PROF.DR TUĞRUL ANSAY İLE SÖYLEŞİ

Prof. Dr. Tuğrul Ansay ile söyleşi

Merhaba,

Koç Üniversitesi Hukuk Fakültesi Kurucu Dekanı Prof. Dr. Tuğrul Ansay ile gerçekleştirmiş olduğumuz söyleşi ile sizlerle birlikteyiz. Prof. Dr. Tuğrul Ansay alanında dünyaca tanınmış saygın bir hukukçu olmanın yanı sıra iyi bir kütüphane dostu ve okuyucu. Kendisinin hem hukukçulara hem de kütüphanecilik mesleğine vereceği çok önemli mesajlar bulunmakta. Gerçekleştirmiş olduğumuz söyleşi bu yönüyle de oldukça önem arz ediyor.

ta4_lq

— KY: Merhabalar, Sayın Hocam;
Kütüphane Blog Sayfasında yayınlanmak üzere sizinle de kısa bir söyleşi gerçekleştirmek istiyoruz. Öncelikle bu ricamızı kabul ettiğiniz için çok teşekkür ederiz.

— TA: Ben de size teşekkür ederim.

— KY: Bize biraz hukukçu olma sürecinizden bahsetmek ister misiniz? Hukukçu olmaya nasıl karar verdiniz? Bildiğimiz kadarıyla ailenizde de pek çok önemli hukukçu var?

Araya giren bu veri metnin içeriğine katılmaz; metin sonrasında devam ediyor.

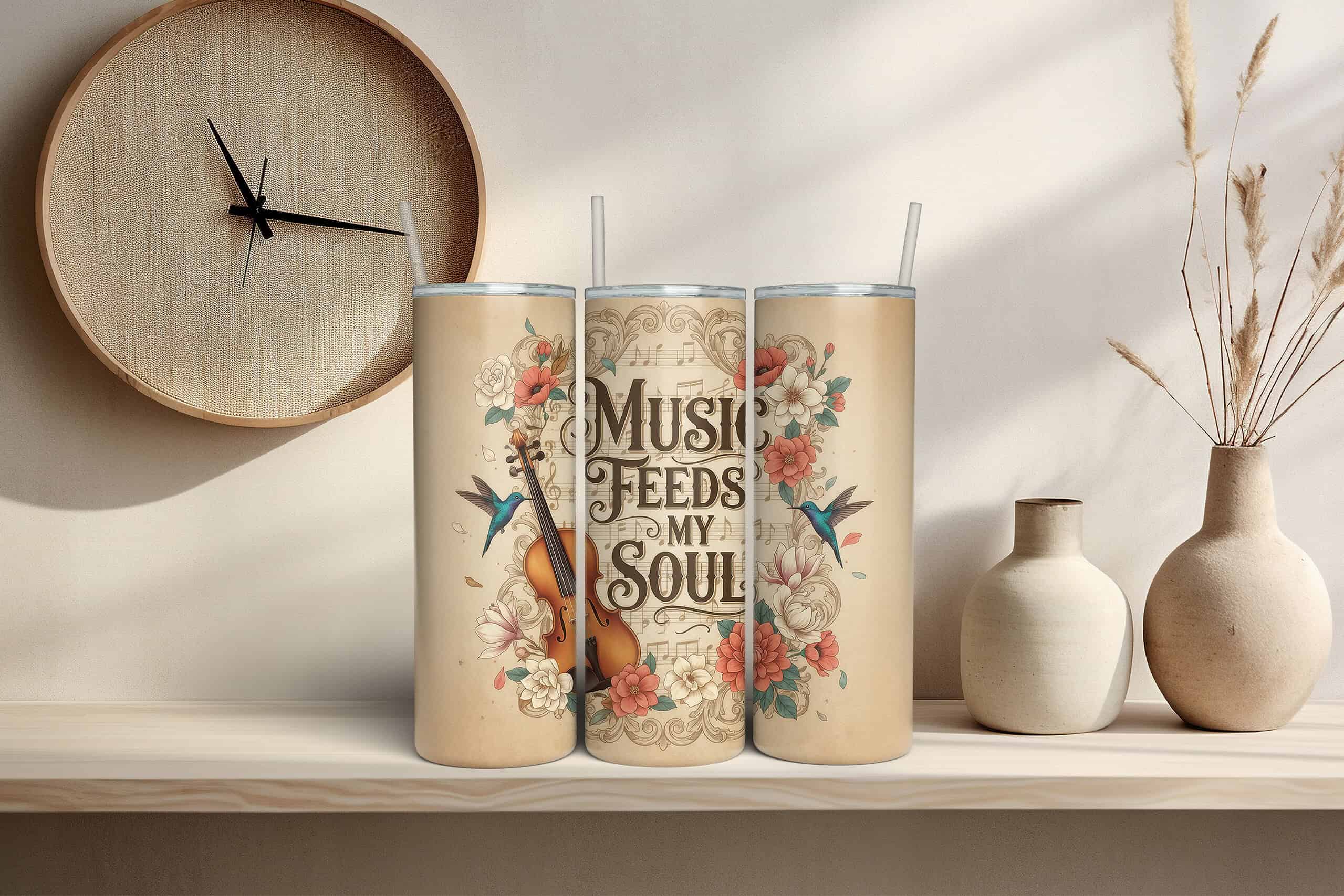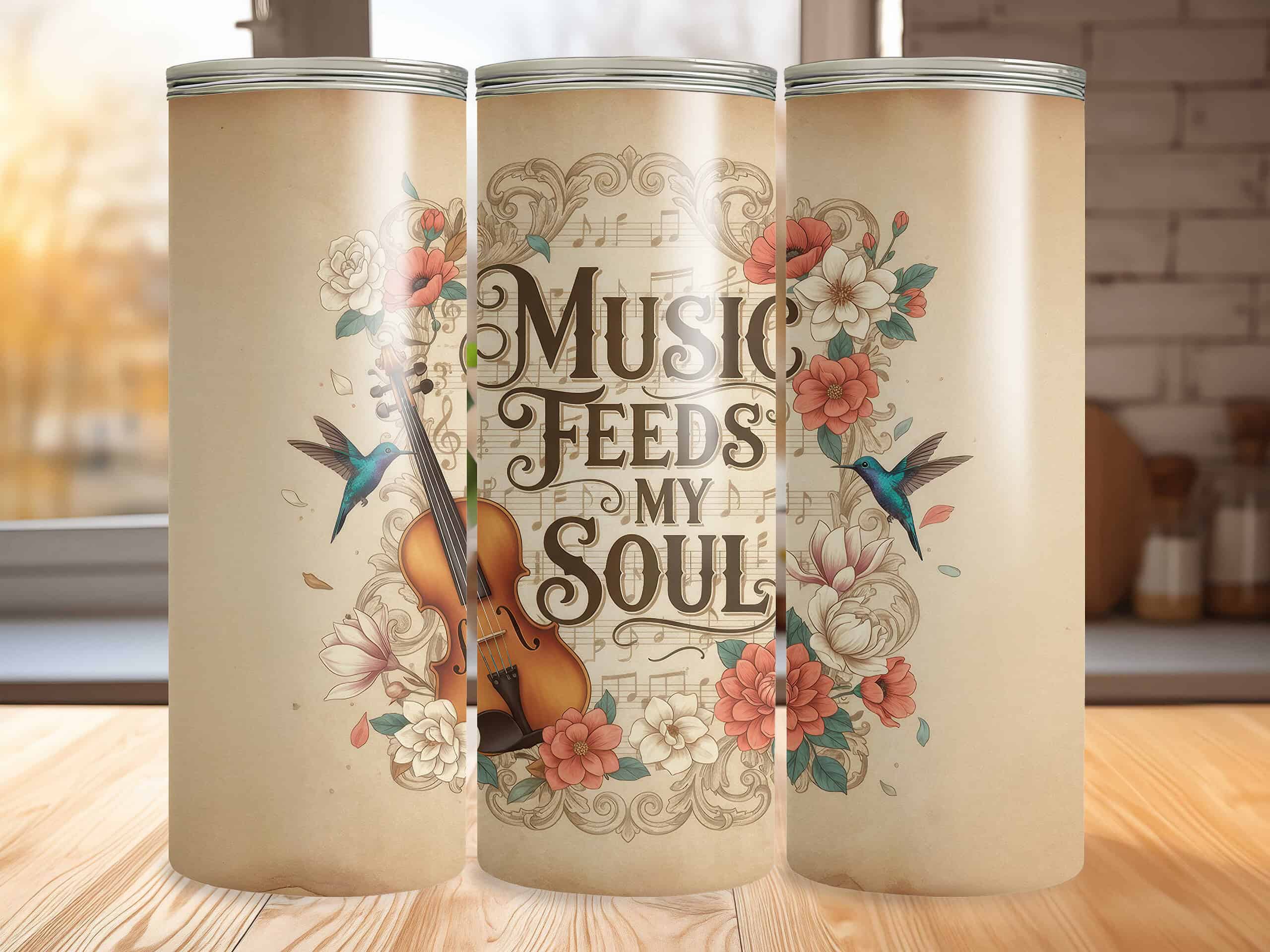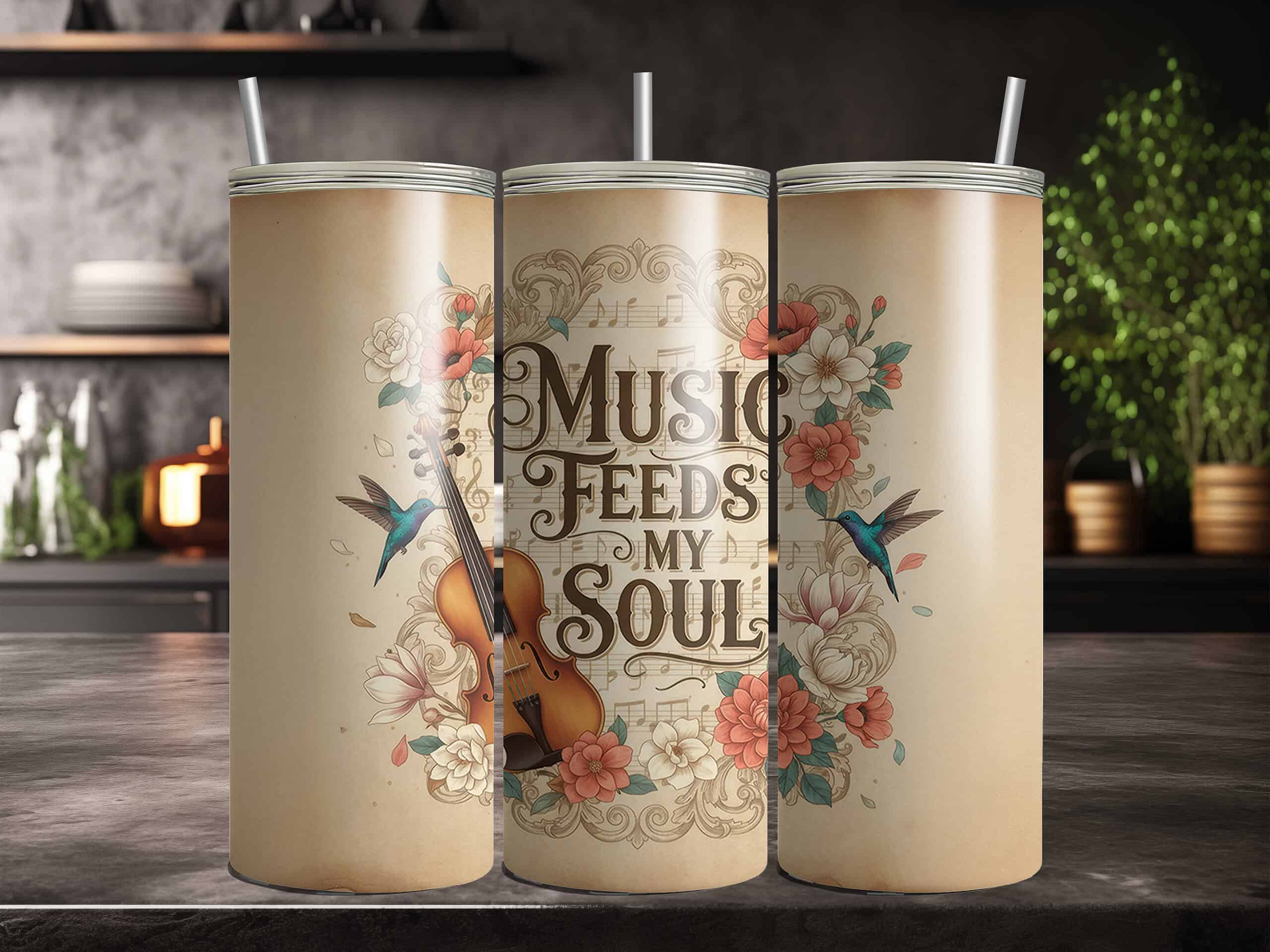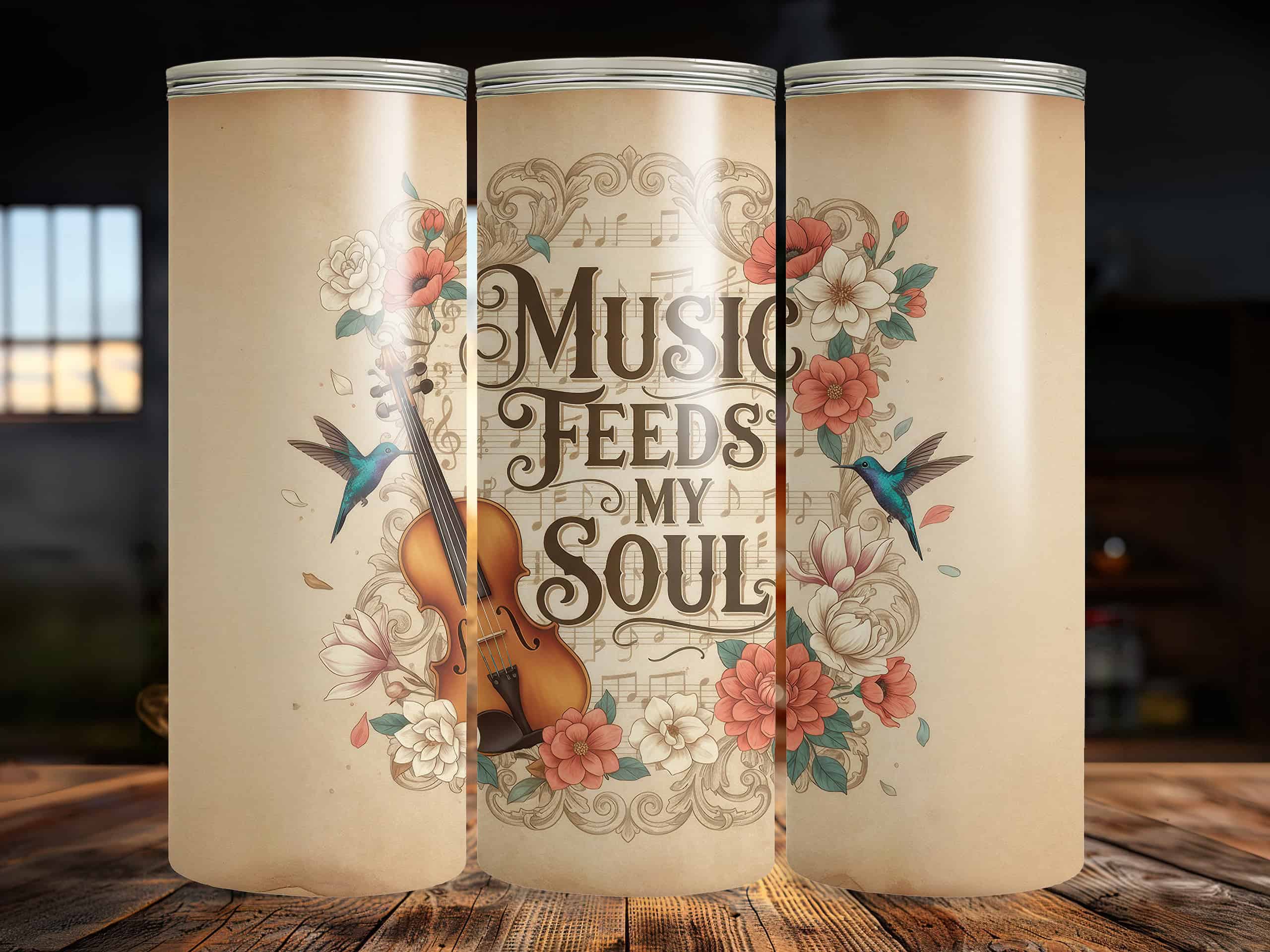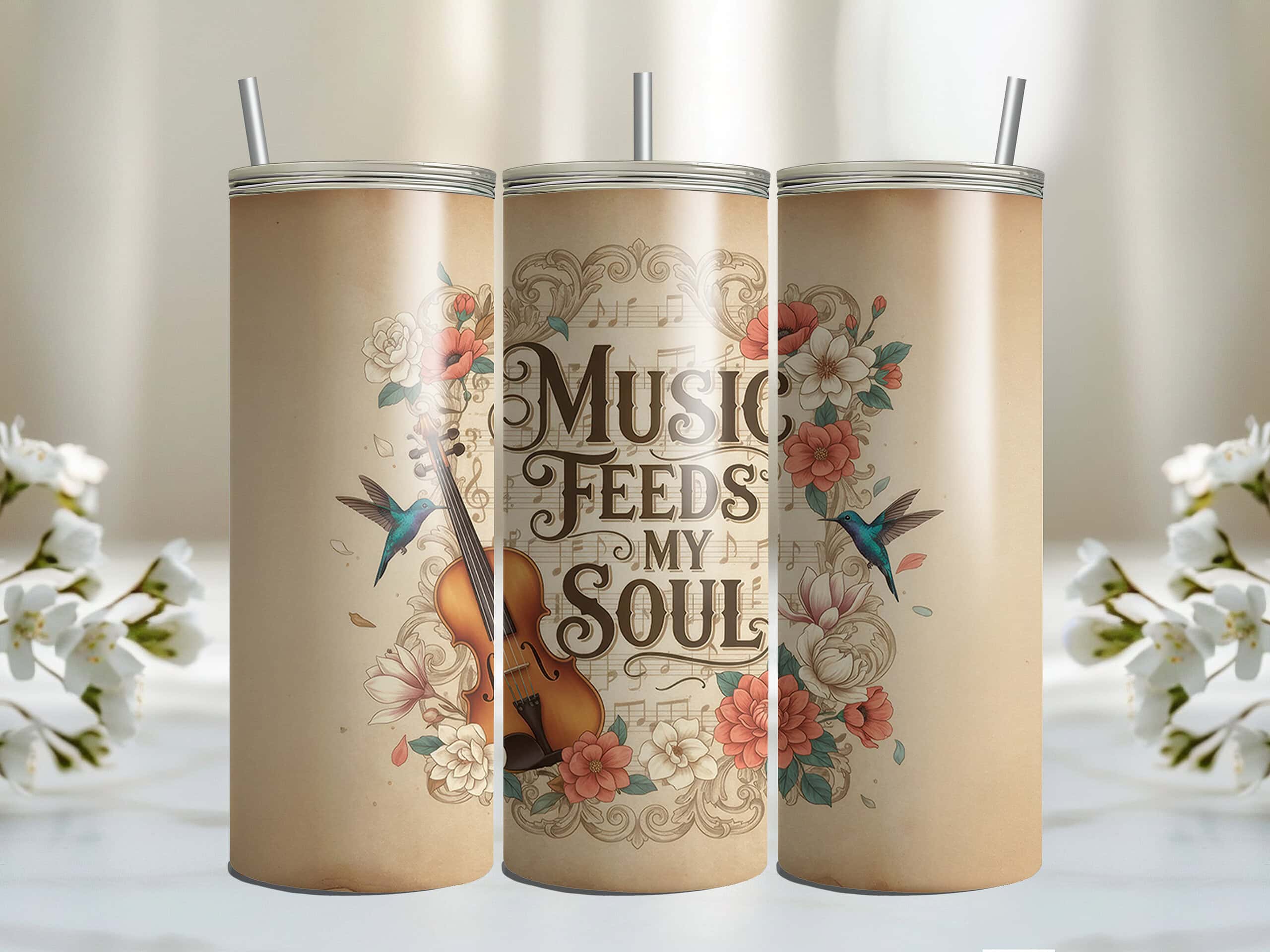 Elegant 20oz sublimation tumbler featuring the quote “Music Feeds My Soul” framed by a vintage violin, soft florals and colorful hummingbirds on a parchment-style background. A perfect everyday drink cup for music lovers, musicians, and anyone who feels inspired by beautiful melodies.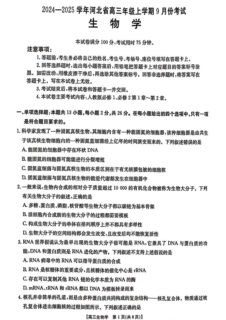河北省2024-2025学年高三年级上学期9月份考试 生物

— TA: İyi araştırmışsınız. Gerçekten büyükbabam ve babam hukukçuydular. Anne tarafından büyükbabam İstanbul Hukuk Fakültesinde öğretim üyeliği yapmıştır. Aynı zamanda avukatlık da icra etmiştir. Babam Ankara Hukuk Fakültesinde Ordinaryüs Profesör olarak emekliliğine kadar hizmet verdi. Ben de o zamanki gelenekleri izleyerek baba mesleğine girdim.

— KY: Gerek yerel ve gerekse de uluslararası alanda tanınan bir hukukçu olma süreci nasıl gelişti? Bu sürecin kilometre taşları nelerdi (Aldığınız eğitimler, gerek çalıştığınız gerekse yönettiğiniz kurumlar ve projeler, yazdığınız kitap serileri gibi)?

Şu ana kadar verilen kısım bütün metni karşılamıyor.